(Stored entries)
---------------

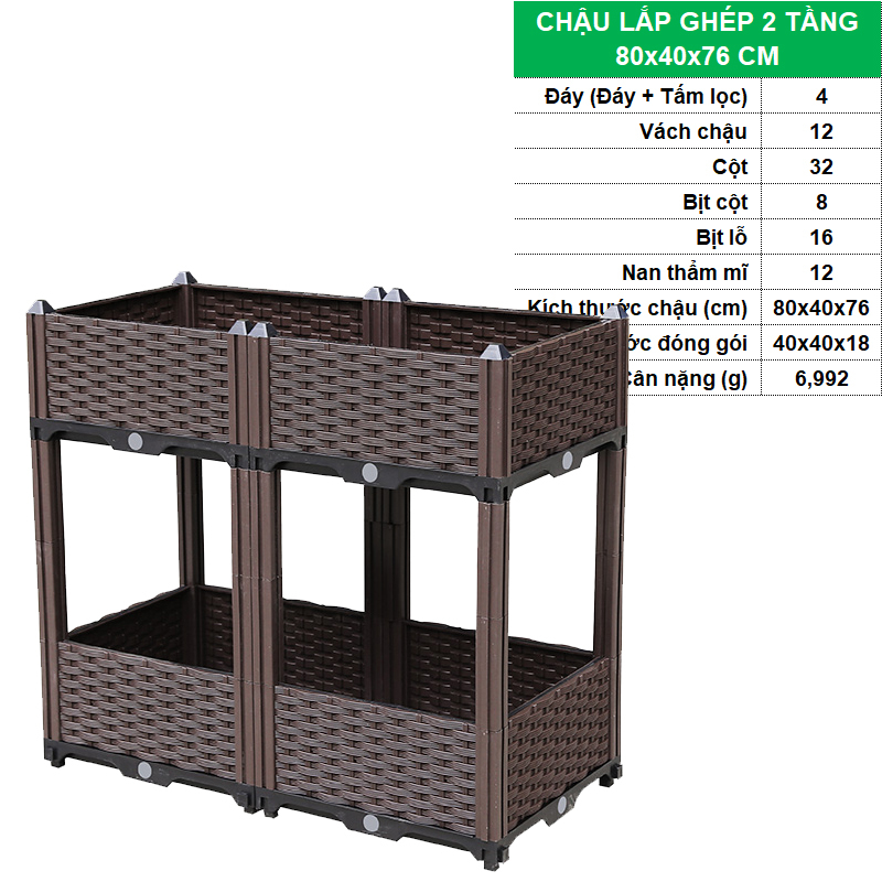 Chậu lắp ghép CLG-40, Chậu lắp ráp trồng Rau Hoa, Chậu thông minh dùng để trồng các loại hoa, rau, củ, quả thích hợp với mô hình chung cư, sân thượng, căn hộ tập thể, ban công thay thế cho việc trồng rau bằng hộp
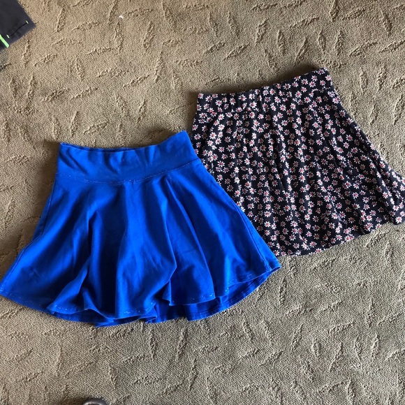 1 blue justice skirt with built in shorts and one floral mia chia skirt. kids medium (10-12) age
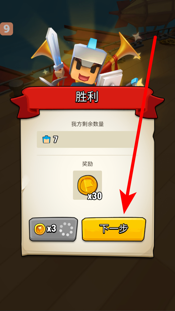 4、最后獲取勝利獎勵,成功戰(zhàn)勝敵方后,會出現(xiàn)勝利界面,展示己方剩余數(shù)量以及獲得的獎勵,點擊下一步,可繼續(xù)后續(xù)的游戲進(jìn)程。
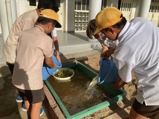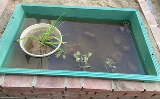 メダカや水草を入れて、ミニビオトープが完成しました!
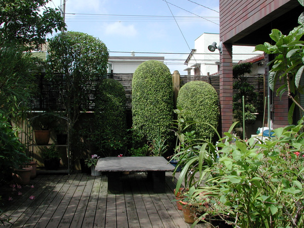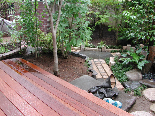 ウッドデッキからの眺め[施工後]こちらに見えるのは、ムクゲ、ツツジ、メグスリノキ、カエデ、ヤブラン、ツバキなどなど -
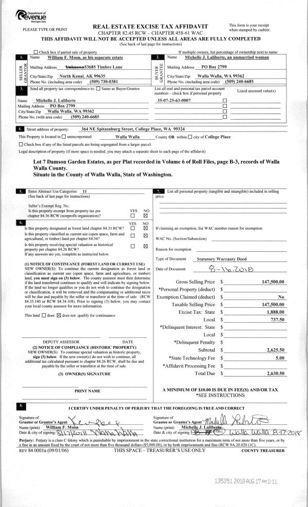 | 2 | 08/17/2018 | SWD | STATUTORY WARRANTY DEED | MOON WILLIAM F | LALIBERTE MICHELLE J | | | $147,500.00 | 135351 | 2018-06770 |
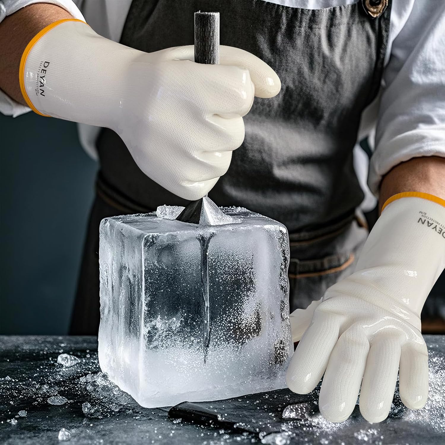 - High Temperature Resistant: Engineered to withstand extreme temperatures from -120°F to 600°F, these grilling gloves sustain prolonged exposure up to 480°F and brief contact at peak heat, while remaining waterproof, odorless, and impervious to grease and stains even when handling hot items
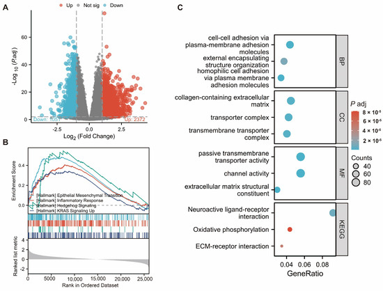 Differentially expressed genes (DEGs) and enrichment analyses. (A) Volcano plot showing the DEGs from the analysis by dividing patients into high and low ADAM17 expression groups (n = 424); (B,C) Gene Set Enrichment Analysis (GSEA), Gene Ontology (GO), and Kyoto Encyclopaedia of Genes and Genomes (KEGG) analysis showing the top functions or pathways enriched by the DEGs.
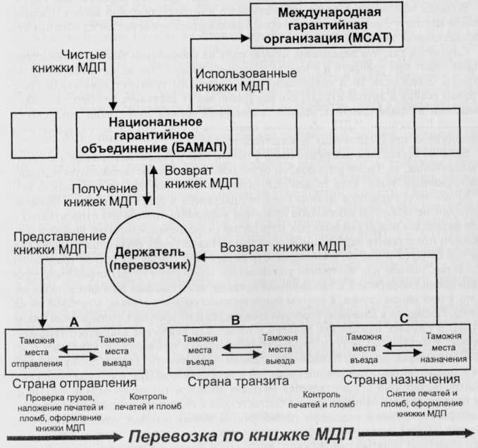 Процедуры таможенного контроля системы МДП схематично показаны на рисунке 1. Таможня места отправления, обычно являющаяся тем органом, где выполняются экспортные формальности, досматривает груз на основе информации, указанной в книжке МДП, заполненной перевозчиком и грузоотправителем. Таможенный орган накладывает пломбу на грузовое отделение транспортного средства и описывает ее в графе 16 на всех оформленных грузоотправителем листах книжки МДП, оставляет у себя отрывной лист №1 (белый) и заверяет соответствующий корешок, в котором указывается, где, когда и кем было произведено изъятие оформленного отрывного листа. Книжка МДП возвращается перевозчику, который приступает к выполнению транспортной операции. При пересечении границы в пункте выезда из этой страны таможенный орган проверяет печати и пломбы, изымает из книжки МДП отрывной лист №2 (зеленый) и заверяет соответствующий корешок. Транспортное средство может выехать из страны, а оба заверенных таможенных корешка позволяют считать, что в этой стране операция МДП была выполнена надлежащим образом.

---------------

◆ Aim of the task:
What is needed is an exact copy of the lines above, from the one holding "135351 | 2018-06770 |" down to the one holding "Differentially expressed genes", with those two included and the pictures left out.

◆ Your response:
 | 2 | 08/17/2018 | SWD | STATUTORY WARRANTY DEED | MOON WILLIAM F | LALIBERTE MICHELLE J | | | $147,500.00 | 135351 | 2018-06770 |
 - High Temperature Resistant: Engineered to withstand extreme temperatures from -120°F to 600°F, these grilling gloves sustain prolonged exposure up to 480°F and brief contact at peak heat, while remaining waterproof, odorless, and impervious to grease and stains even when handling hot items
 Differentially expressed genes (DEGs) and enrichment analyses. (A) Volcano plot showing the DEGs from the analysis by dividing patients into high and low ADAM17 expression groups (n = 424); (B,C) Gene Set Enrichment Analysis (GSEA), Gene Ontology (GO), and Kyoto Encyclopaedia of Genes and Genomes (KEGG) analysis showing the top functions or pathways enriched by the DEGs.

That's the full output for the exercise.